PHOENIX--- The US Department of Justice investigation into abuse of power allegations against Maricopa County Sheriff Joe Arpaio and former County Attorney Andrew Thomas is closed. US Attorney Ann Birmingham Scheel released a brief statement, saying her office will not press criminal charges.
The statement arrived in a press release sent at 4:59pm Friday night. It contained no explanation of the charges, the evidence gathered, or the decision not to prosecute.
Calls to the US Attorney's office in Phoenix went directly to voicemail Friday. The message specifically said they would have no further comment regarding the Maricopa County matter.
The feds have been investigation the abuse of power charges since at least January 2009. A grand jury convened several times to review evidence and interview witnesses.
Many of them were county workers and officials who claim they were harassed, intimidated, and retaliated against for opposing Arpaio's policies.
"Joe Arpaio went after anyone who opposed him, particularly on his budget and on racial profiling allegations," said County Supervisor Mary Rose Wilcox Friday night, "He arrested [County Supervisor] Don Stapley twice. He charged me. We were all cleared. [County Supervisor] Andy Kunasek was due to be charged and terrorized."
Wilcox says lower-level county employees were also intimidated.
"Twenty budget analysts were visited at their homes by deputies, terrorizing them. No subpoenas, no warrants, just telling them that they weren't looking at Sheriff Arpaio's budget right," Wilcox said.

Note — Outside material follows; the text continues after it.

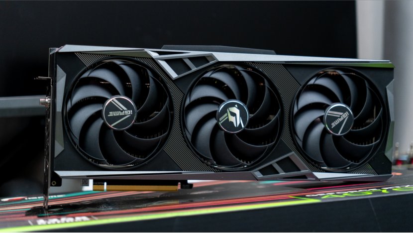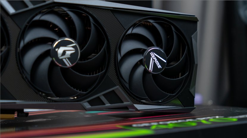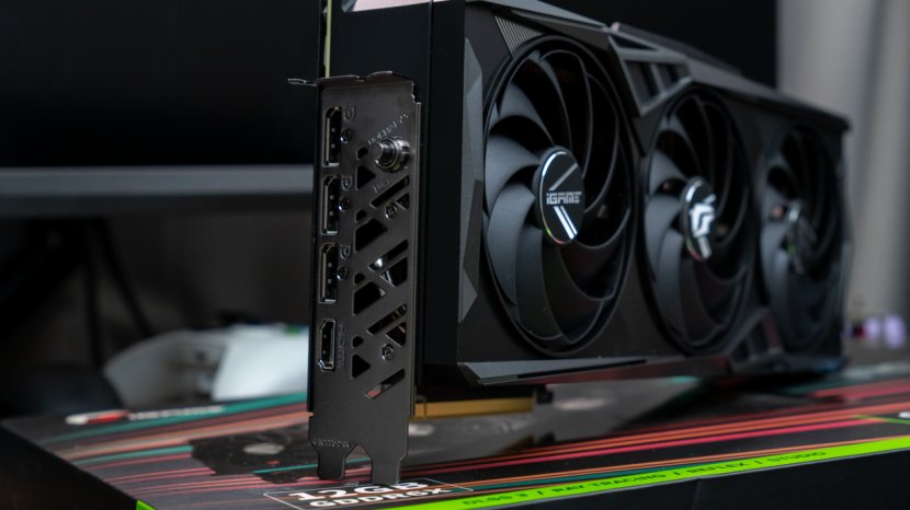 显卡正面是印着iGame字样的三把支持自动启停的9cm风扇,背面则是三个DP1.4a+HDMI2.1a输出接口,此外在背板上还有一个Turbo按钮,按下后显卡会自动超频运行。

Arpaio found out about the DOJ's conclusion when his plane landed back in Phoenix Friday, after his trip to the Republican National Convention.
"I never had any doubts," said Arpaio, about the DOJ's decision to drop the case.

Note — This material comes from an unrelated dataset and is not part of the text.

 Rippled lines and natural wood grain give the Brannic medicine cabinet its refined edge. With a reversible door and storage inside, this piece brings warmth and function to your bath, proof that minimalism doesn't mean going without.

"I'm not going to get into the politics about whether this was a witch-hunt, but the bottom line is: we were cleared," said the sheriff.

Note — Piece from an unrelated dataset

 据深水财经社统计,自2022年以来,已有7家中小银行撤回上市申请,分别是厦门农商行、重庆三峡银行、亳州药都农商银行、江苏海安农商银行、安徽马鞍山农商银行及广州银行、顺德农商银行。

His critics were more surprised that the feds declined to prosecute.
"I just can't believe it. I just don't know what's behind it. Why would they do a two-and-a-half year investigation and totally clear these people, when they terrorized the community? Life takes weird turns and this is one of them," Wilcox told 3TV.
While the Department of Justice provided no explanation to the public Friday, an official did send a letter to Maricopa County Attorney Bill Montgomery.
According to the letter, the DOJ found improper behavior among MCSO officials and the county attorney, but nothing that could meet the heavy burden they would have to prove in court.
The Department of Justice says Friday's announcement has nothing to do with a separate, ongoing investigation into civil rights abuse allegations against Arpaio's department.